A Note on Quasi-Lindelof Spaces

The quasi-Lindel"of property was first introduced by Arhangelski in \cite{Arc}, as a strengthening of the weakly Lindel"of property. However, unlike Lindel"of and weakly Lindel"of spaces, very little is known about how quasi-Lindel"of spaces behave under the main topological operations, and how the property relates to separation axioms. In the present paper, we look at several properties of quasi-Lindel"of spaces. We consider several examples: a weakly Lindel"of space which is not quasi-Lindel"of, a product of Lindel"of spaces which is not even quasi-Lindel"of, and a quasi-Lindel"of space which is not ccc. At the end, we pose some open questions.

💡 Research Summary

The paper investigates the quasi‑Lindelöf property, a notion introduced by Arhangel’skii as a strengthening of the weakly Lindelöf condition. After recalling the definitions of Lindelöf, weakly Lindelöf, and quasi‑Lindelöf spaces, the authors focus on three main themes: (1) the distinction between weakly Lindelöf and quasi‑Lindelöf spaces, (2) the behavior of the quasi‑Lindelöf property under product formation, and (3) its relationship with separation axioms, in particular the countable chain condition (ccc).

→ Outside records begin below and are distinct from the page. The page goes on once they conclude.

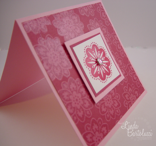This card uses Pretty In Pink card as its base.  I layered a square of Bali Breeze Designer Series Paper after I colored each flower with the Versamarker and clear embossed them.  I've included a picture here that better illustrates this.Blog20070109a You can see in the lower picture that the flowers on the background paper are embossed and so is the center flower.  I don't have Rose Red embossing powder and I don't have Rose Red Craft Ink, but I do have the classic pad and the Versamark pad.  When you combine the latter you are once again able to clear emboss.  Be sure to ink in the Versamark FIRST and then the colored ink – otherwise your Versamark will be a mess!
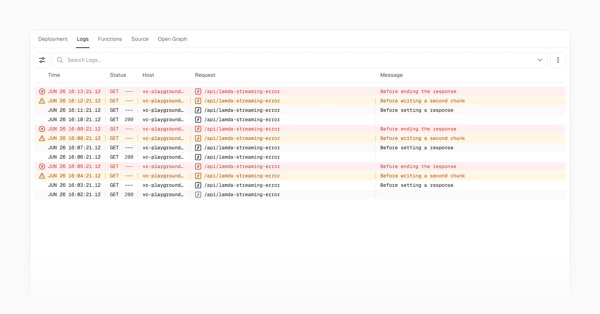 When streaming, response headers are sent immediately with the initial stream. If there is a runtime error after the initial headers have been sent, the function closes the stream and logs an error to Vercel. For example:
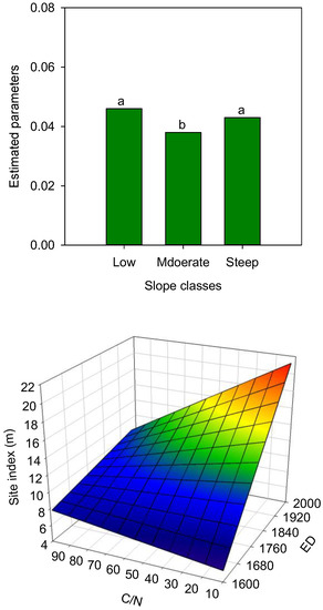 All interactions between ED and other explanatory variables had a significant effect on tree SI, with the strongest influence from the interaction between species’ range groups and ED, and the weakest from the interaction between C/N and ED (Table 3). The increase was the greatest for the coastal species’ range (group I) and the lowest for species with ranges covering both coastal and interior zones (group III; Figure 2B). High-shade-tolerant species demonstrated the greatest height increase (Figure 2C). The SI increased most for broadleaf species and was not significant for needle leaf species (Figure 2D). The greatest increase in SI was observed on low and steep slopes; additionally, it was magnified in areas with rich soil (Figure 3).
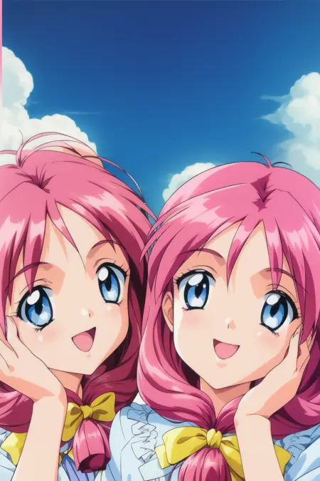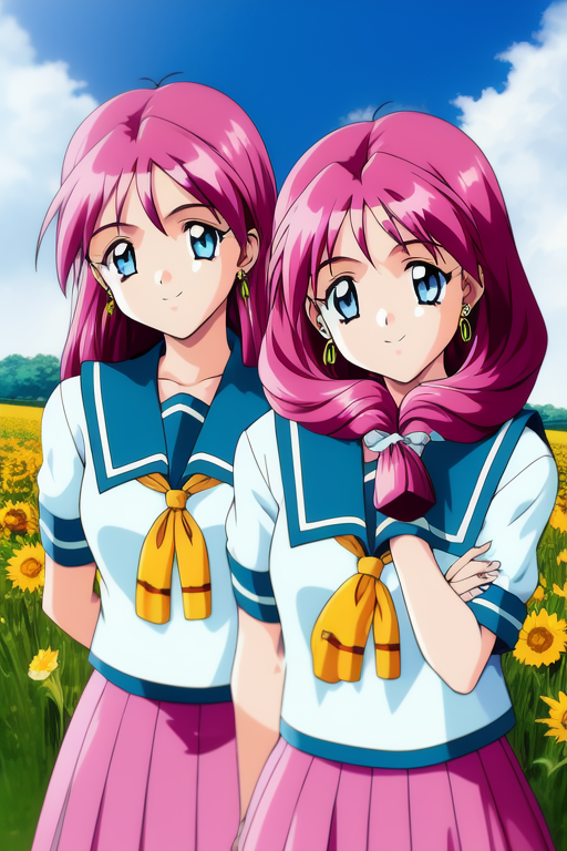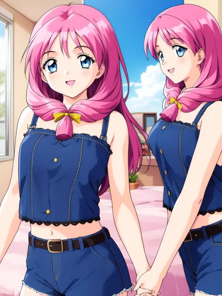 Shirayuki_Miho&Maho, pink hair, blue eyes, long hair, medium breasts,
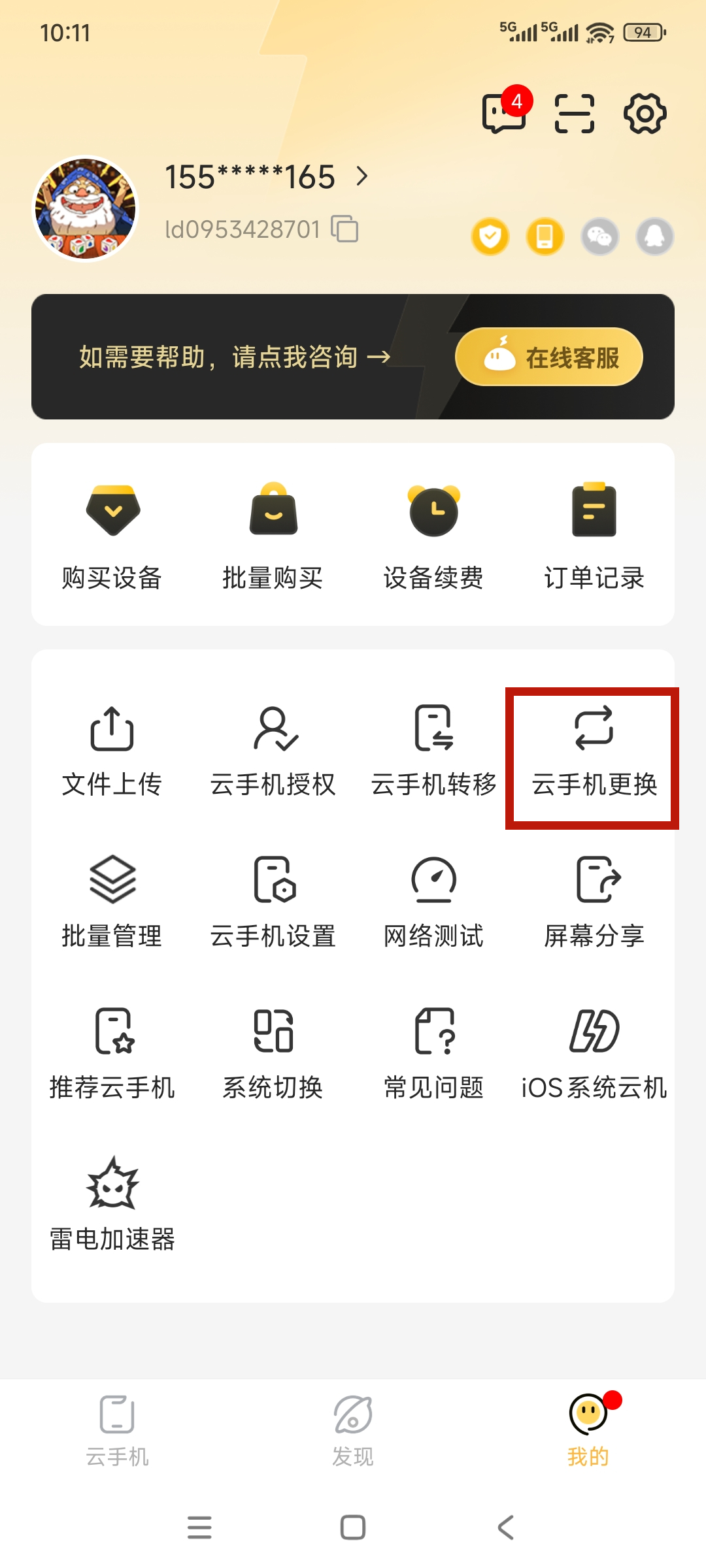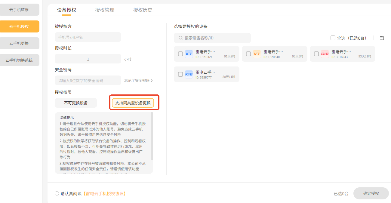 要同时更换多台被授权设备的,可以在“我的-云手机更换”里面去操作。
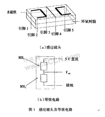 用銻化銦-銦共晶體薄膜磁阻元件制成MRCS的感應(yīng)磁頭(圖1)主要由導(dǎo)線、絕緣基片、InSb-In磁阻元件MR1和MR2、永磁體、5個引腳等組成,另外加上起屏蔽和保護(hù)作用的金屬外殼。MR1和MR2是相對放置的一對磁阻元件,其阻值大致相等,導(dǎo)線置于MR1和MR2的對稱軸位置。其等效電路如圖1(b)。
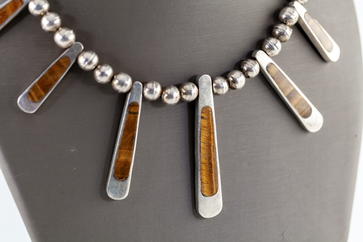 Mexico Sterling Silver Tiger Eye Bib Bead and 50 similar items
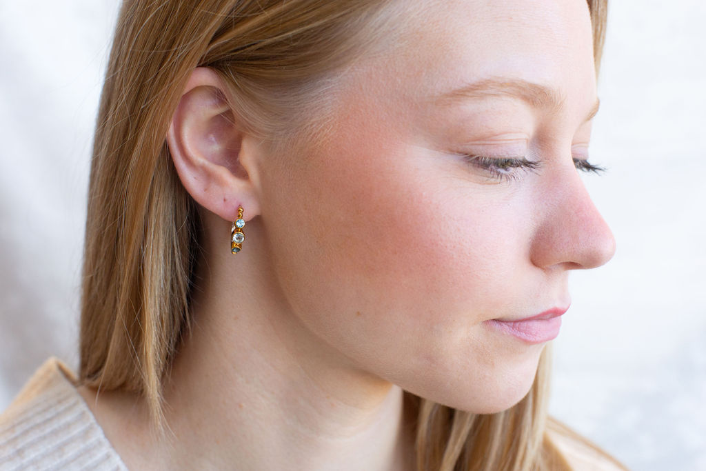 Sterling silver & 22 Karat gold vermeil hoop earrings bezel set with 6 blue topaz. 3/4″ in total length.
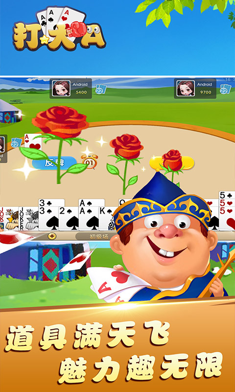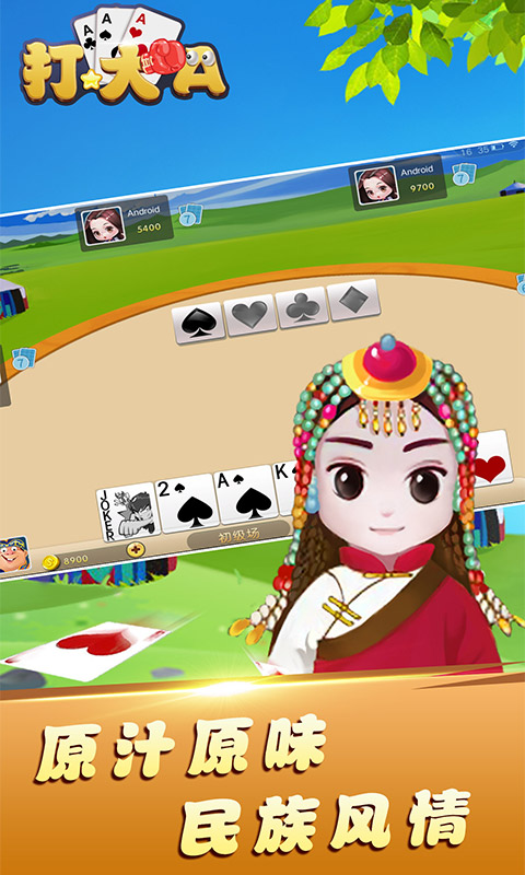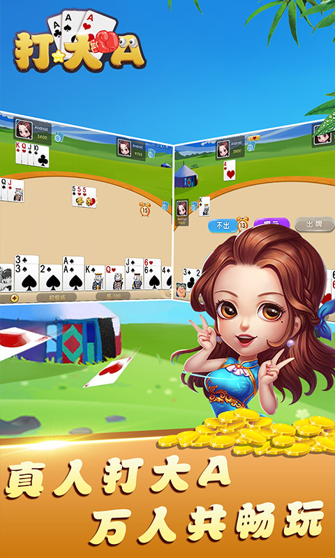 《打大A》又称“大A王”“打大1”“打大幺”“打大尖“等,跟拉克,打弹子等同为内蒙地区流行的棋牌游戏。是一种可玩性极强的纸牌玩法,策略性和竞技性同样十分出色,喜欢棋牌游戏的玩家一定要体验下本作,将会带给你不同的感受!
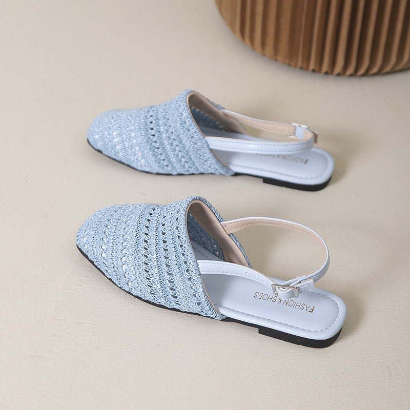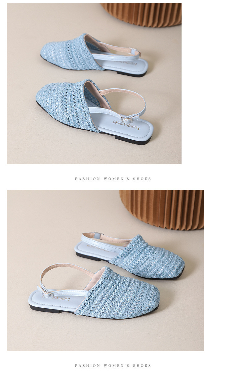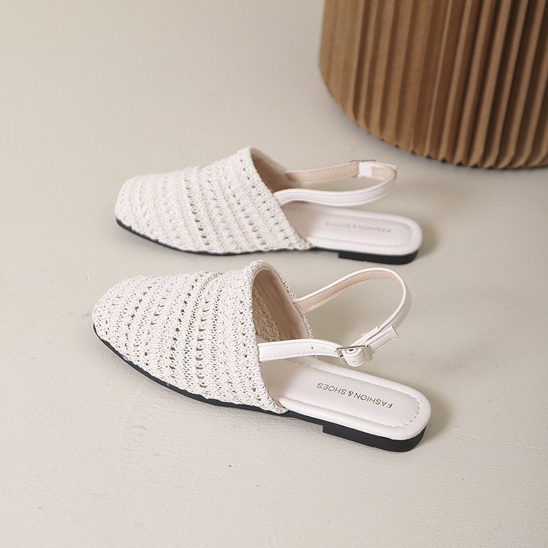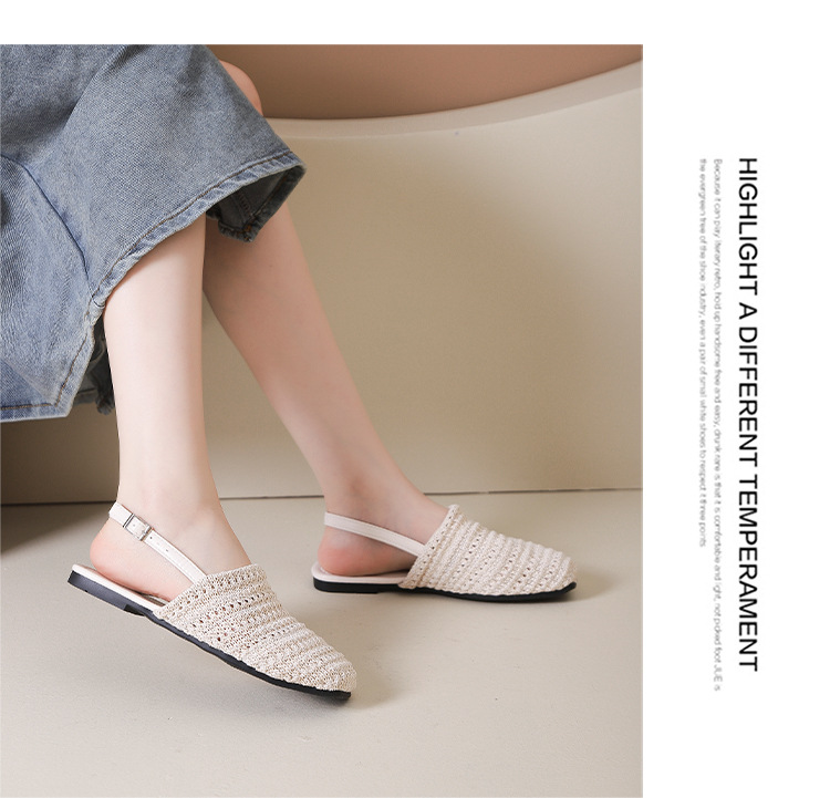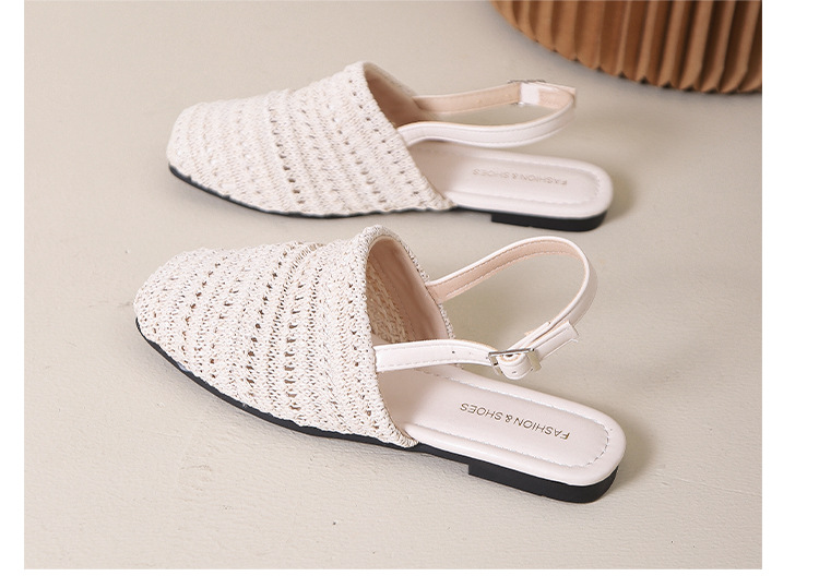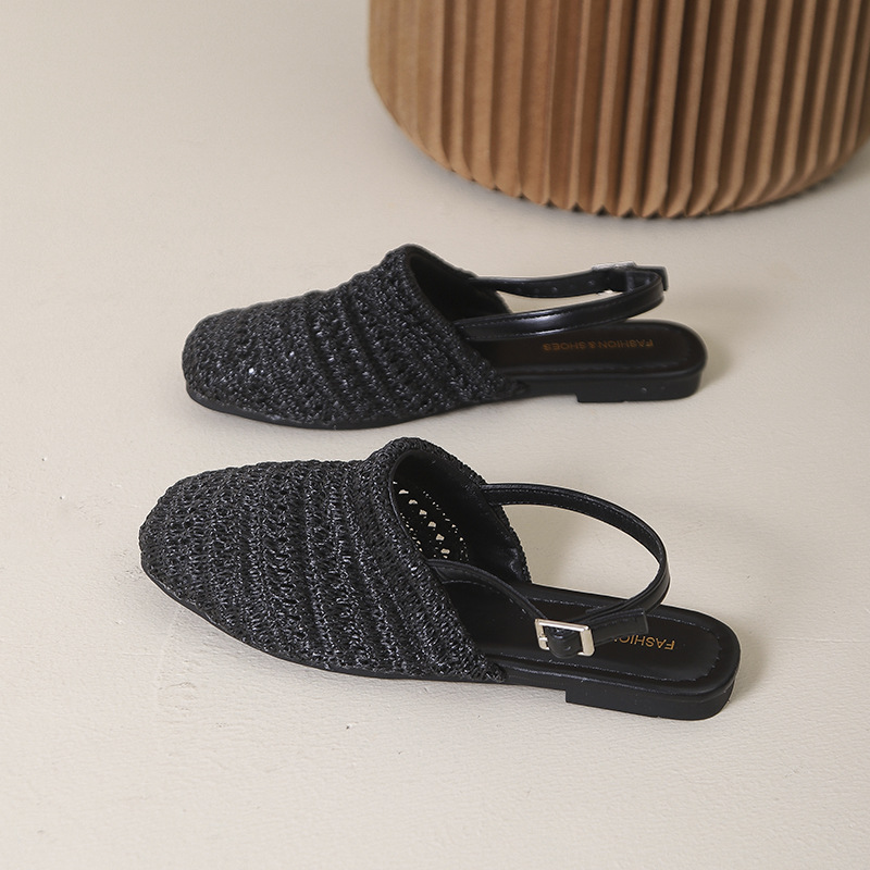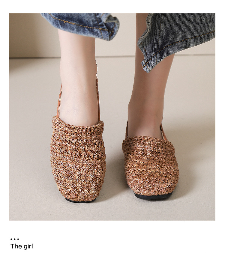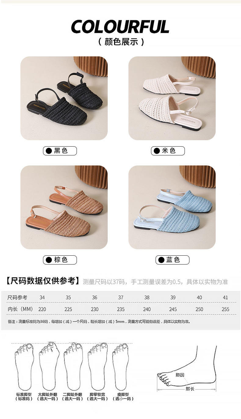 두꺼운 굽의 얕은 입구 밀짚 샌들 여성 신발 2025 봄 여름 신상 플랫 밑창 샌들스토어 가기
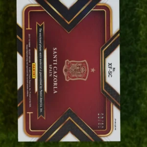 A fantastic memorabilia card featuring a unique design, this is the 2017-18 Panini Select Santi Cazorla X-Fractor Memorabilia Red parallel, numbered to a limited 50 copies. This card combines a piece of authentic player-worn material from Santi Cazorla with the eye-catching X-Fractor pattern. The Red parallel adds another layer of rarity and visual appeal. Panini Select’s memorabilia cards are always well-designed, and this piece is a great way to feel closer to the game. It’s a wonderful collectible for any admirer of Cazorla’s artistry on the pitch and his time lighting up the Premier League.
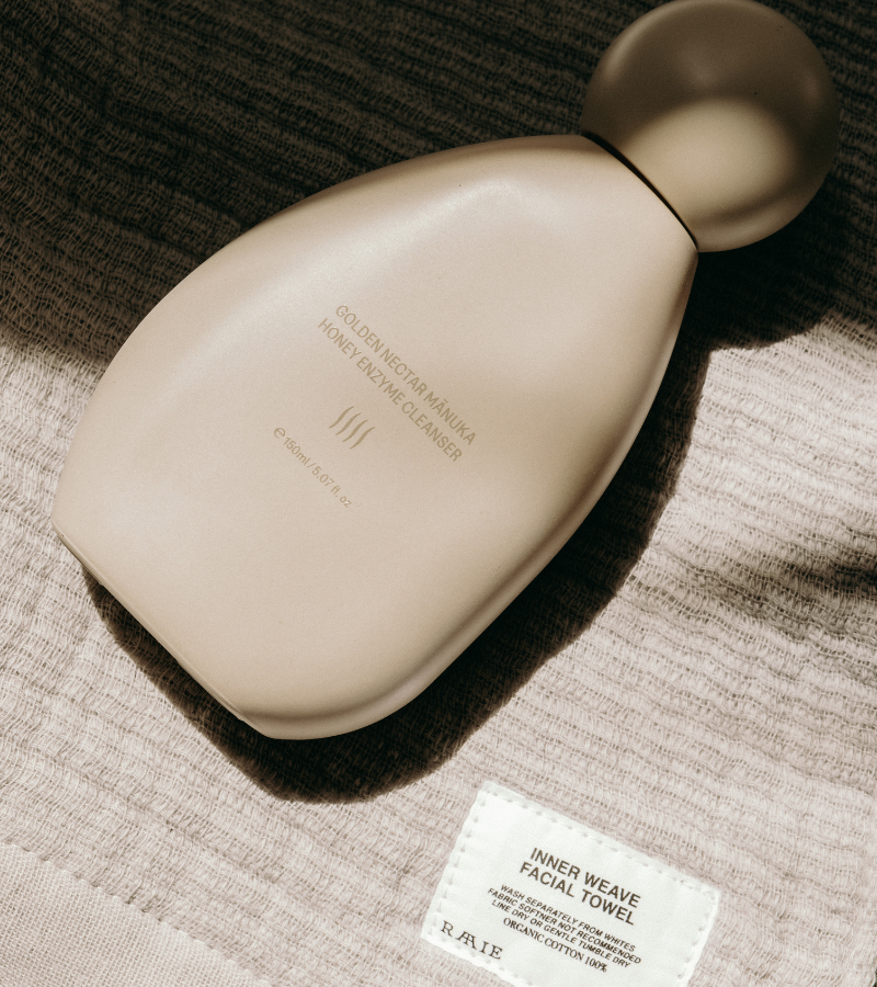 While cleansing marks the start and end of my day, both rituals serve a different purpose. In the morning I swear by the sweet scent of mānuka to awaken my senses and breathe life into my weary complexion – a slow massage followed by splashes of cold water at the sink and I’m ready to hit the pavement or pilates mat. My evening cleanse is the first step in a rather lengthy wind-down routine – almost always accompanied with a cup of tea and a dose of ashwagandha to calm the mind. I cleanse twice, once with vigour to remove the stresses (and SPF-induced sebum) of the day, and then again for my now-bare skin to reap the benefits of the cleanser – and the several layers of skincare that follow (there are many!).

In the first part the authors construct a space that is weakly Lindelöf but fails to be quasi‑Lindelöf. The construction modifies a classic weakly Lindelöf example (often based on the first uncountable ordinal ω₁) by adding a topology that forces any countable subcover to leave a non‑empty remainder. This demonstrates that the quasi‑Lindelöf property is genuinely stronger than the weakly Lindelöf one.

The second part addresses product preservation. While the product of finitely many Lindelöf spaces is again Lindelöf, the authors show that the product of two quasi‑Lindelöf spaces need not be quasi‑Lindelöf. They start with two Lindelöf spaces X and Y that each have a countable base, but they arrange the topologies so that in the product X × Y there exists a family of pairwise disjoint open sets of size ω₁. Consequently, any countable subfamily of an open cover of X × Y cannot capture the whole space up to a nowhere‑dense remainder, and the product fails the quasi‑Lindelöf condition. This provides the first known counterexample to the conjecture that quasi‑Lindelöfness is preserved under finite products.

The third section explores separation axioms. The authors present a quasi‑Lindelöf space that does not satisfy the ccc. By endowing ω₁ with a topology that contains an uncountable family of pairwise disjoint non‑empty open sets, they obtain a space that is quasi‑Lindelöf (every open cover admits a countable subfamily whose complement is nowhere dense) yet clearly violates the countable chain condition. This shows that quasi‑Lindelöfness is independent of ccc and, by extension, independent of many standard separation properties.

Finally, the paper lists several open problems that arise naturally from the study. Among them are: (i) whether every regular (or completely regular) quasi‑Lindelöf space must be ccc; (ii) how the quasi‑Lindelöf property interacts with metacompactness or paracompactness; (iii) whether subspaces of quasi‑Lindelöf spaces are necessarily quasi‑Lindelöf; and (iv) which classes of continuous maps (e.g., open, closed, perfect) preserve quasi‑Lindelöfness.

Overall, the article contributes a clear taxonomy of quasi‑Lindelöf spaces, supplies concrete counterexamples that delineate its boundaries with respect to weakly Lindelöf, product operations, and ccc, and opens a line of inquiry into its preservation under various topological constructions and separation axioms.